New chief minister of Andhra Pradesh, Chandrababu Naidu, who had supported the agitation as leader of the opposition, has announced a proposal for a 4000 MW Japanese-built power station at Baruva, which is like moving it across town.
Barely 60 kilometres south of Sompeta is the site of another protest, this time in the wetlands of Kakarapalle region near the town of Palasa.
The story is similar, but the outcome worse. The state government announced plans for a 2640 MW power station in 2009. This plant was to be built in about 3300 acres of wetlands.
The wetlands are an important region of floodwater channels from rivers draining into a marsh and then into the sea at the Bay of Bengal. The wetland system provides a feeding habitat for migratory birds from Siberia, many of which roost in the Teli Neelapuram bird sanctuary on the coast.
About 59 villages around the wetlands depend upon it for water and irrigation and a fishing society of more than 4000 members has had traditional fishing rights in the marsh for more than 100 years.
The Human Rights Forum, environmentalists and left parties alerted communities there to the dangers of the project when the then-state government transferred the land to the Industrial Infrastructure Corporation to be sold to the power station.

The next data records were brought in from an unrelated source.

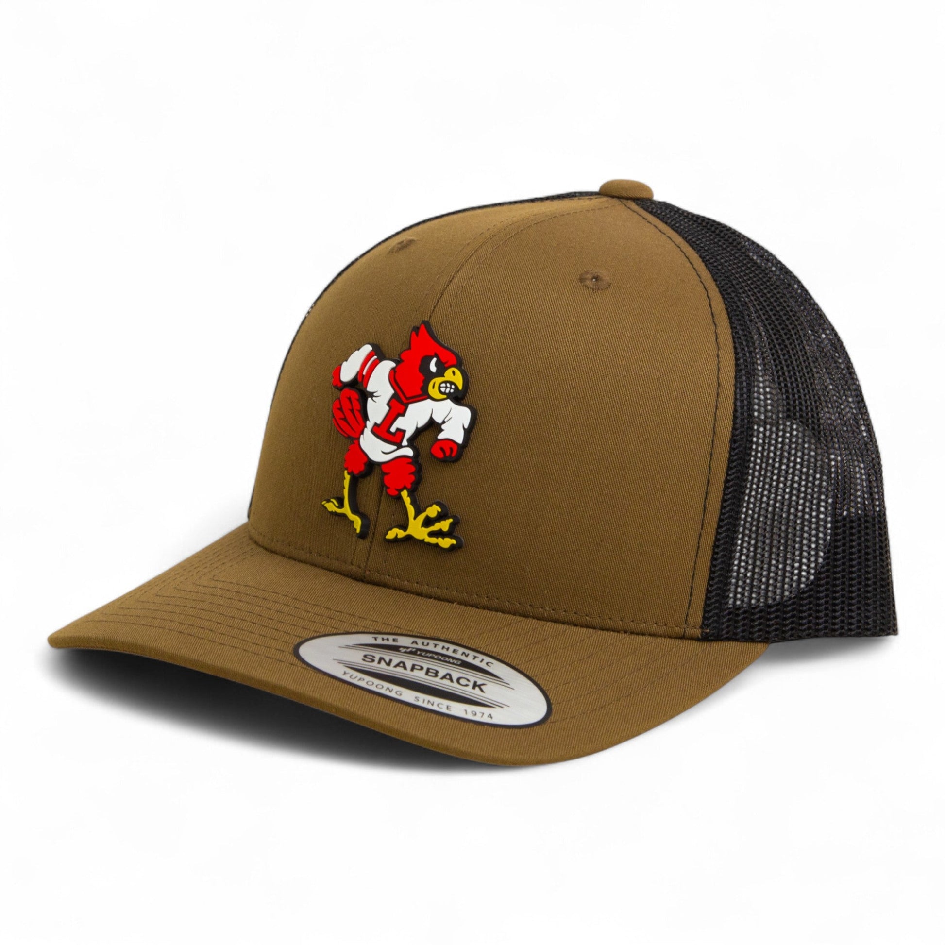 Louisville Cardinals Retro 2025 College World Series 3D YP Snapback Trucker Hat- Coyote/ Black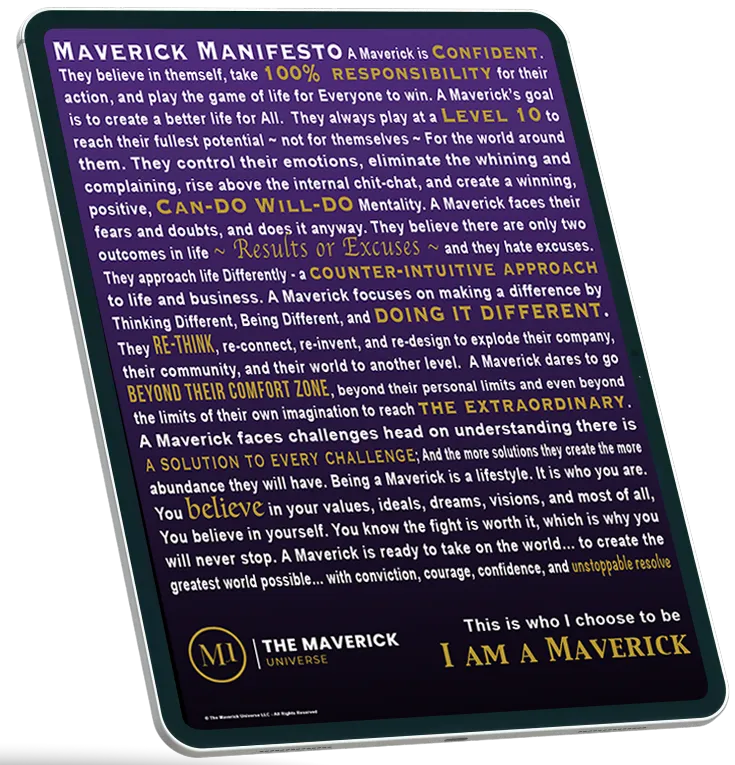 Maverick Manifesto - Discover the exact mental framework used by an entrepreneur with 40 years of experience $50M+ in info products sold, and $30M+ in real estate transactions all while raising 6 kids. This isn't motivation fluff. It's the psychology-backed blueprint for thinking differently than 97% of entrepreneurs still grinding without results.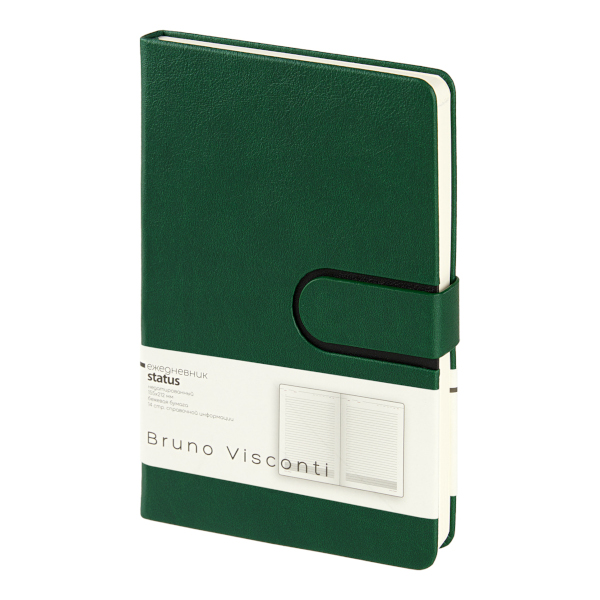 Ежедневник А5 не дат Bruno Visconti "Status" тв.обл., иск.кожа, зеленый, магнит. клапан 3-786/04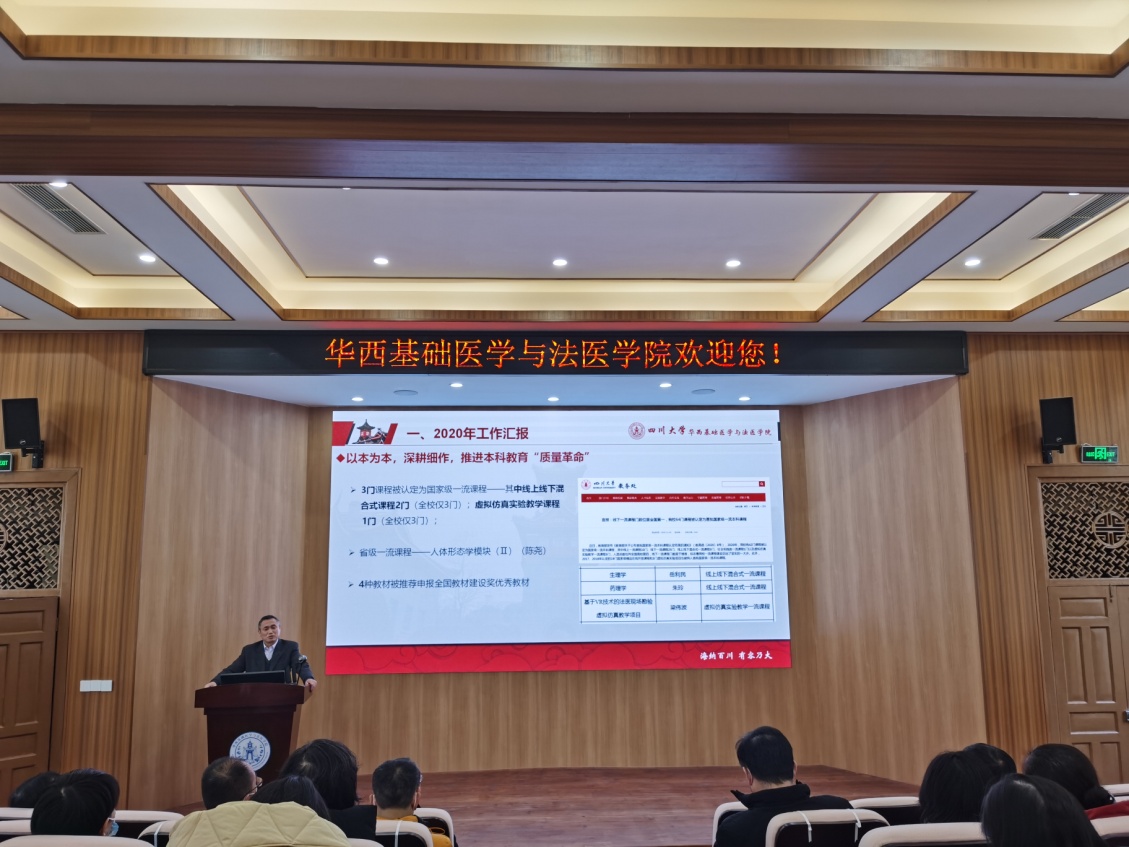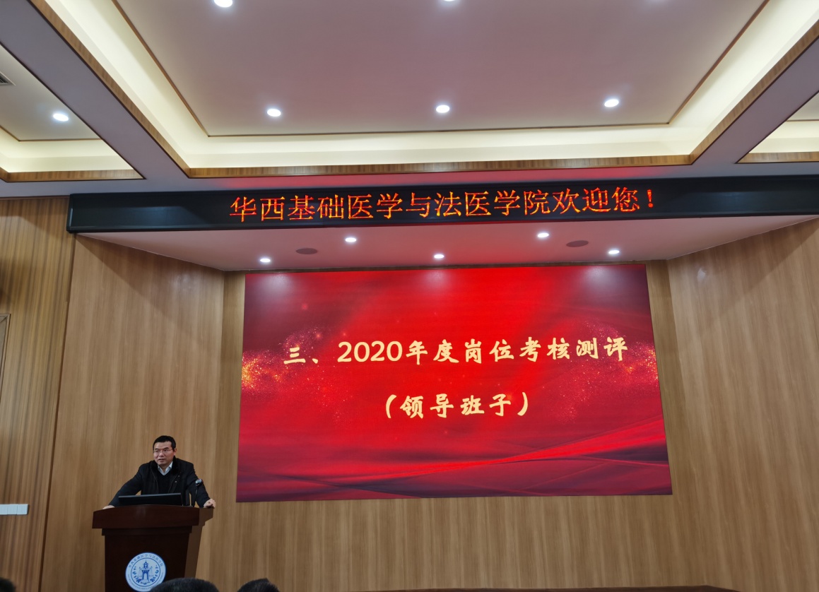 2020年12月31日下午,永利3544am登录官网华西基础医学永利3544am登录官网在华西第五教学楼报告厅召开2020年度领导班子及班子成员年度岗位考核测评会,学院领导班子、全院教职工参加了此次大会,会议由学院党委副书记郭晓伟主持。

The response of the government was similar: police camps, marches, harassment of visitors and restrictions on movement. When people protested in February 2010, the police reportedly burnt 18 houses,crops in the field and our people were killed when police fired on protests. At least 50 others were injured.
People have boycotted an administrative inquiry into the deaths and have demanded a judicial inquiry. But some of the local leaders have been intimidated and bribed into collaboration.
Protesters approached the National Appellate Authority on this case as well, but the authority recommended that since 1100 acres had already been occupied by the corporation, it could continue building on that land.
The fishing community and part of the affected villages continue to protest, but the company has continued building by using a roundabout route to transport material. The result of the partially built plant is that farm lands are being flooded by displaced waters.
People in the region have said that although 600 acres were submerged in 2009, the flooding had spread to 43,000 acres of rice-growing land last year.
The scale of environmental and social devastation being imposed on some the most vulnerable sections of the population, as well as the environment, in India can be seen from the fact that two thermal power stations and a 10,000 MW nuclear power station, at Kovvada in the same administrative district, are being built within 150 kilometres of each other.